### Collected material:
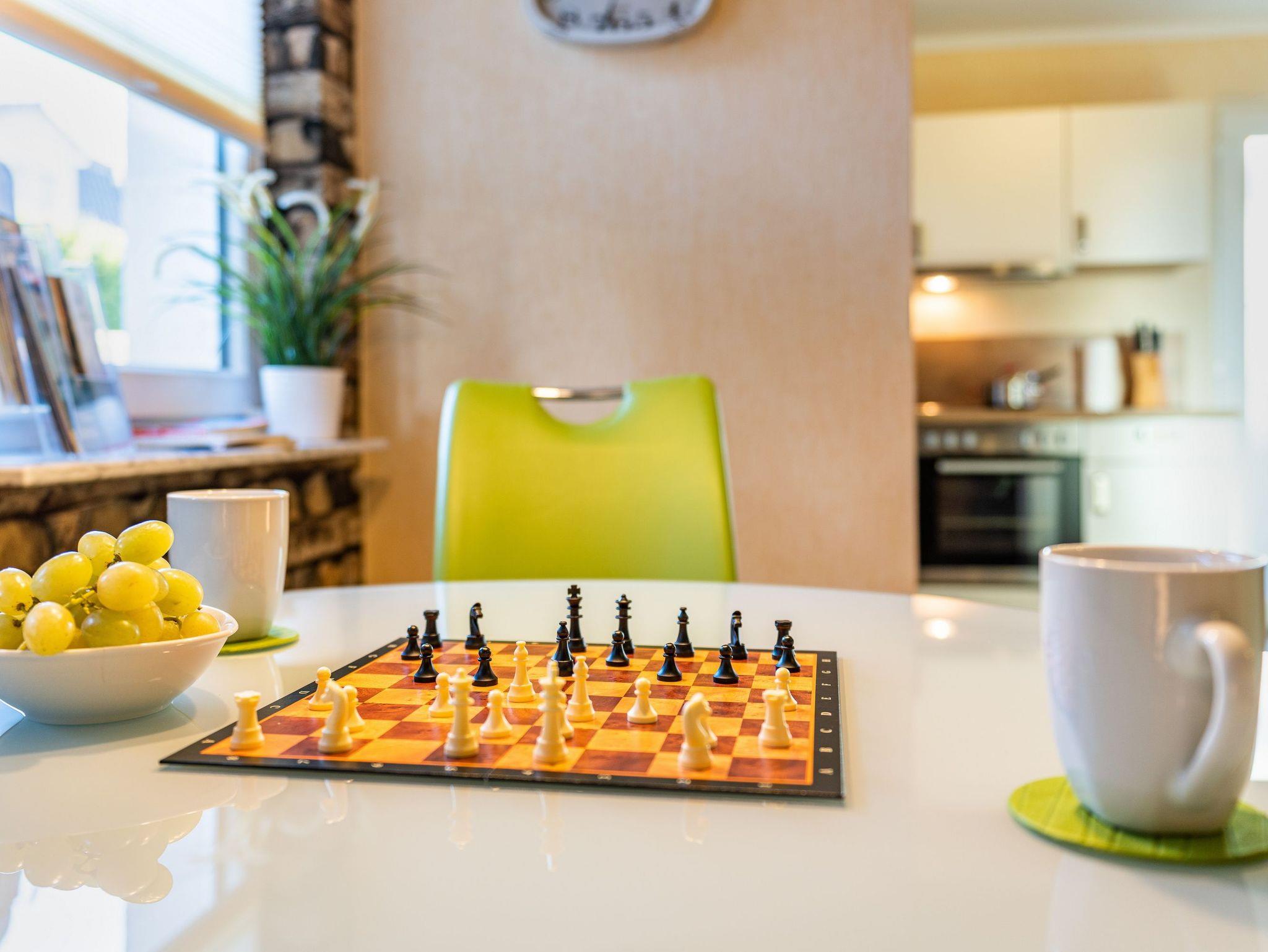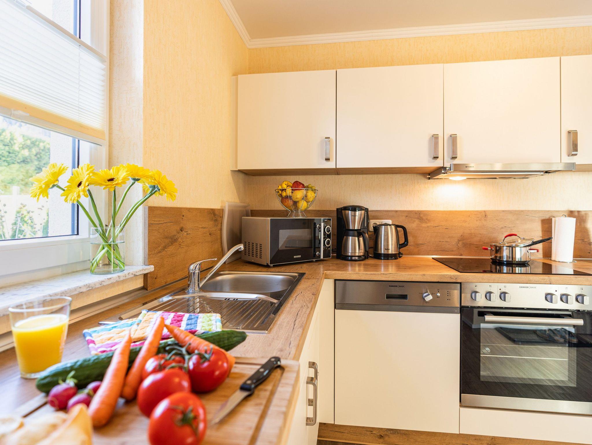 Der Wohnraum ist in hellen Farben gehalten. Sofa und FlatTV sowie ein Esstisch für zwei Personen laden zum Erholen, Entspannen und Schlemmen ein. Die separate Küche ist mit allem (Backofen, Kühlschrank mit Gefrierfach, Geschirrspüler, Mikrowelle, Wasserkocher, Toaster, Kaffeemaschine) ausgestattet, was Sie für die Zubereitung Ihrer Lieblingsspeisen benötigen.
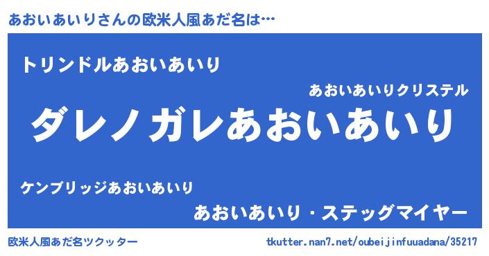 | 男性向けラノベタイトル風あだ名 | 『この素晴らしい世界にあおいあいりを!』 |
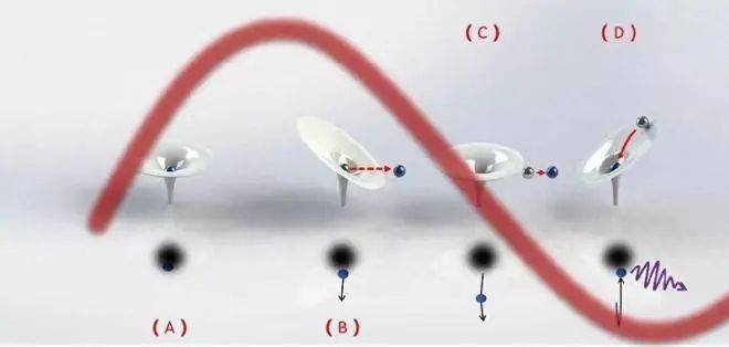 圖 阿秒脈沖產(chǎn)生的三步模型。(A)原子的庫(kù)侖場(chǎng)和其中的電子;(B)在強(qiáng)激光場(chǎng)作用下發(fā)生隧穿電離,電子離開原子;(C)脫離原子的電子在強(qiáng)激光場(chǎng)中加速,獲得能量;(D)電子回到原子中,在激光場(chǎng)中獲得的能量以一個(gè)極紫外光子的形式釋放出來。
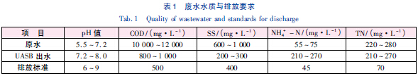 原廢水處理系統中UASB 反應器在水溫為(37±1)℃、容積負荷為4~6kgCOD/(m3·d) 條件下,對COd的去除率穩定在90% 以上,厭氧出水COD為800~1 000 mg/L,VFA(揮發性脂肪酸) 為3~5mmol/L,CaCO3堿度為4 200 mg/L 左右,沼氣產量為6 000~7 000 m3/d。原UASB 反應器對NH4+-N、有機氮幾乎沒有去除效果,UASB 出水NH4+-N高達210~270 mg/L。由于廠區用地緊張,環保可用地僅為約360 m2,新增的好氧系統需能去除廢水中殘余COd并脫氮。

### How to complete this task:
Excluding any pictures, print exactly the lines of the listing above from the line with "男性向けラノベタイトル風あだ名 | 『この素晴らしい世界にあおいあいりを!』 |" to the line with "圖 阿秒脈沖產(chǎn)生", both ends included.

### Task result:
 | 男性向けラノベタイトル風あだ名 | 『この素晴らしい世界にあおいあいりを!』 |
 圖 阿秒脈沖產(chǎn)生的三步模型。(A)原子的庫(kù)侖場(chǎng)和其中的電子;(B)在強(qiáng)激光場(chǎng)作用下發(fā)生隧穿電離,電子離開原子;(C)脫離原子的電子在強(qiáng)激光場(chǎng)中加速,獲得能量;(D)電子回到原子中,在激光場(chǎng)中獲得的能量以一個(gè)極紫外光子的形式釋放出來。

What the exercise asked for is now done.